Consequently, young Faye went through six cycles of chemotherapy, home injections, and a muscle biopsy over a span of seven years.
“Her whole childhood has been spent in and out of the hospital,” Christina mentioned. “We haven’t been on vacations, and we don’t even have a wheelchair-accessible home or car, all because we believed she would recover.”
Despite this, Christina often felt a nagging doubt about the diagnosis, saying that the medical staff were “just throwing medication” at her daughter.
“Every test they did for the autoimmune disease came back negative,” she noted. “Not a single one indicated JDM.”
In truth, Faye actually suffers from Emory-Dreifuss muscular dystrophy (EDMD). Staff at Bristol Children’s were adamant that it was not muscular dystrophy, which is troubling.

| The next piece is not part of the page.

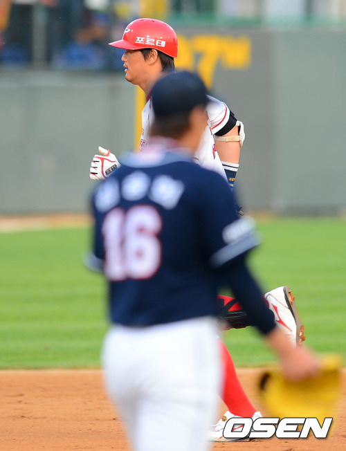 12일 오후 광주 무등야구장에서 열린 '2012 팔도 프로야구' KIA 타이거즈와 두산 베어스의 경기, 5회말 2사 만루 KIA 최희섭이 만루 홈런을 치고 그라운드를 돌고 있다.
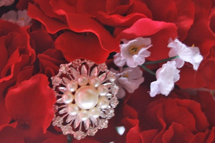 Pretty red rhododendron and white silk flowers with vintage and contemporary brooches.

She eventually received the correct diagnosis after being referred to Great Ormond Street Hospital, where a straightforward blood test with specific genetic screenings confirmed it.
“The doctors at BCH were so convinced it was JDM that they never even pursued the necessary blood test,” Christina stated. “Those decisions took away my daughter’s childhood. I feel incredibly let down by everyone.”
Christina also believes that financial constraints within the department contributed to the erroneous outcome.
“Everyone knew something was off, yet no one was willing to take responsibility or conduct further tests because tests cost money,” she explained.
EDMD is a rare and life-altering condition that specifically affects the skeletal and cardiac muscles, leading to significant endurance challenges. Unfortunately, there’s currently no treatment or cure.
“Had we received the right diagnosis seven years ago, when Faye could still walk, we could have enjoyed some family vacations and created more precious memories before she became wheelchair-bound,” Christina lamented.